As news of the train collision with a school bus and the deaths of at least 50 people spread throughout the country, reactions from politicians and civil society groups have trickled in.
In a statement released Saturday, the Freedom and Justice Party described the resignation of Transportation Minister Rashad al-Matiny as “democratic tradition that we’ve been missing during the former regime."
The party demanded a quick trial of those responsible for the incident and cast blame upon all officials in the Transportation Ministry, ranging from top officials to the barrier worker at the railway crossing, saying that neglect and corruption from the former regime were still manifest in the ministry.
Al-Azhar has sent a delegation from the Azhar Institute to the site of the crash to provide assistance to families of the victims and the injured. The students who were on the bus were studying at an Azhar Institute-affiliated school.
Azhar institute sector secretary Gafar Abdallah said Al-Azhar Grand Sheikh Ahmed al-Tayyeb commissioned the delegation to provide LE5,000 in financial assistance to each dead victim’s family and LE3,000 to each injured victim’s family.
Tayyeb also asked the delegation to conduct an extensive investigation into the crash and to report on it immediately to the Al-Azhar grand imam.
And on the political side, the Shura Council’s Transportation Committee decided Saturday to form a nine-member fact-finding committee, which will file a report with the council during its next session.
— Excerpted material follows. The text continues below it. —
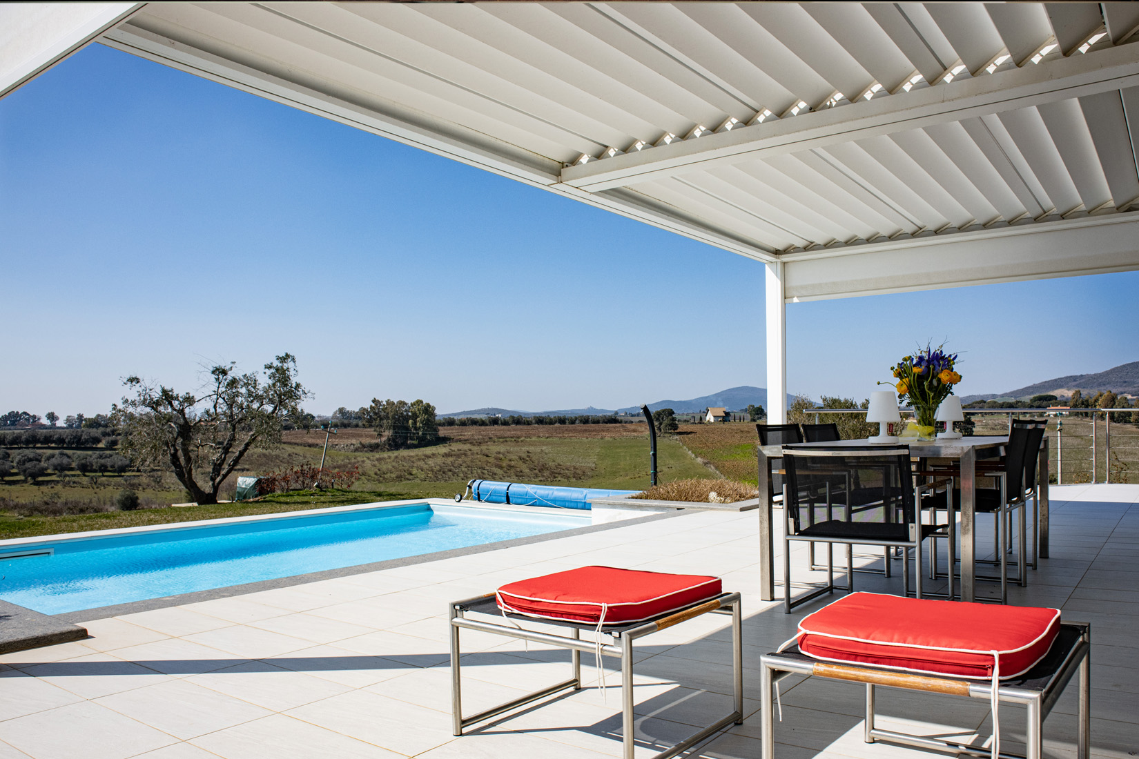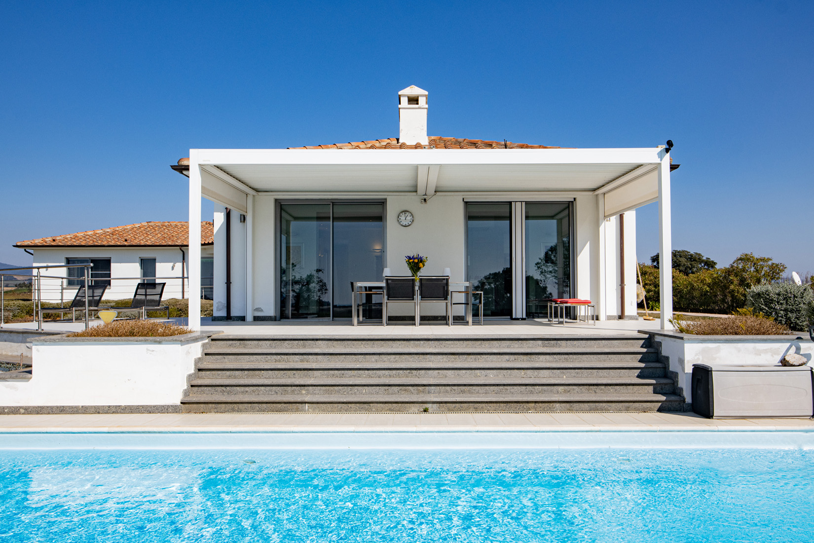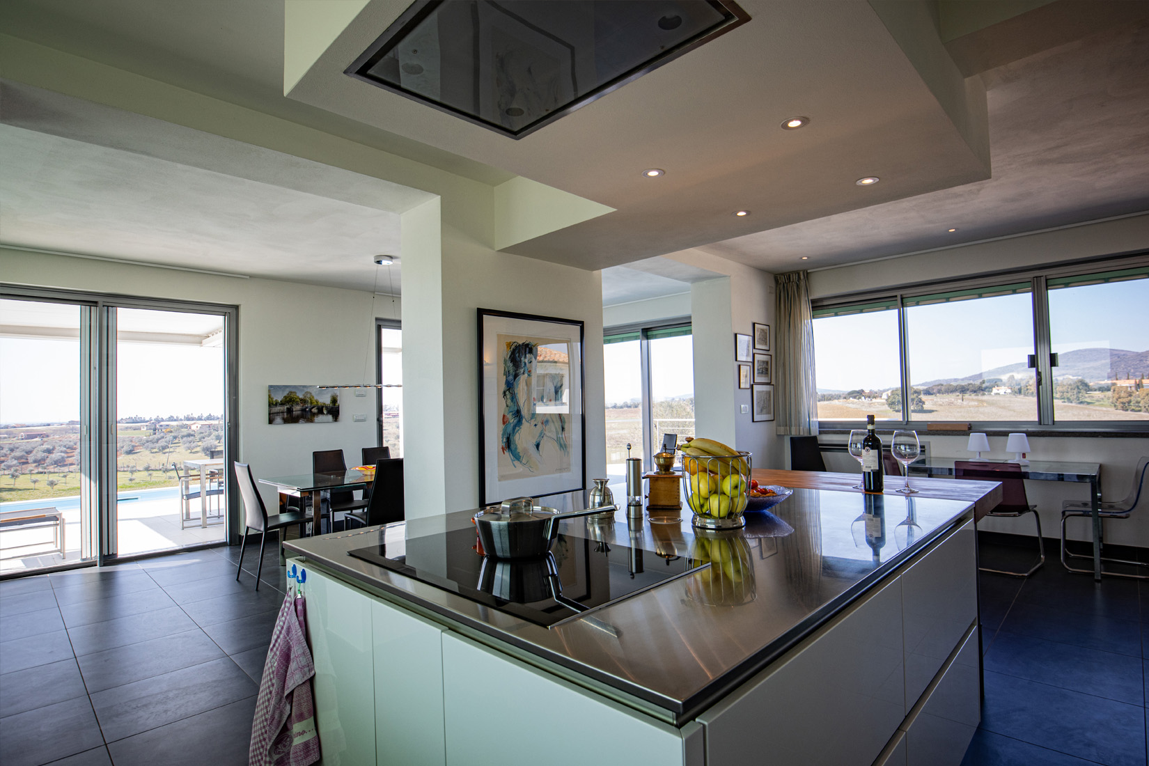 Wspaniała wolnostojąca willa o współczesnym smaku, składająca się z dwóch poziomów, w Pescia Romana, na granicy Toskanii i Lacjum. Nieruchomość znajduje się w doskonałej lokalizacji, wśród nadmorskich wzgórz i zaledwie 8 km od Marina di Pescia Romana, w niewielkiej odległości od Capalbio. Willa ma około 266 metrów kwadratowych. Na parterze znajduje się duży salon z kominkiem, przedpokój z garderobą i łazienką dla gości oraz duża, w pełni wyposażona, nowoczesna kuchnia połączona z jadalnią. Stąd duże okna wychodzą na taras ze wspaniałym widokiem na podgrzewany basen. W ten sposób wnętrze i zewnętrze komunikują się ze sobą dzięki arkadom i tarasom, które pozwalają podziwiać otaczający toskański krajobraz. Piętro niżej jest połączone z ogrodem i obejmuje dwie sypialnie, każda z łazienką. Główna sypialnia obejmuje również garderobę. Również na tym poziomie znajduje się duży pokój wykorzystywany jako gabinet z pralnią. Ganek łączy willę z aneksem rolniczym, obecnie wykorzystywanym jako pensjonat, który składa się z części dziennej z nowoczesną i wyposażoną kuchnią, dwuosobowej sypialni, łazienki i dużego garażu. Nieruchomość obejmuje około 3,4 hektara ziemi.

Akram al-Shaer, former Member of Parliament for the ruling Freedom and Justice Party, blamed the former regime for failing to develop the railway system.
Shaer posted on Facebook, “Disasters are not solved with resignations, even if they are obligatory. The series of killings continue on Egypt’s railways, and [we should not] forget the Swedish grant to freely secure and develop the railways [that] was rejected by Mubarak regime.”
He added that the grant would have allowed young engineers to travel to Sweden for training courses, and said that in its absence there is no comprehensive plan to improve safety on Egypt’s rails.
Meanwhile, the 6 April Youth Movement blamed President Mohamed Morsy for what it called the “Assiut disaster” and demanded that Matiny be put on trial.
Ahmed Maher, general coordinator of the movement, said in a press statement Saturday that Morsy is responsible since he chose the Cabinet. He called on the president to clear state bodies of corrupt officials and remnants of former President Hosni Mubarak’s regime, and added that he should supervise the development of a new administrative system.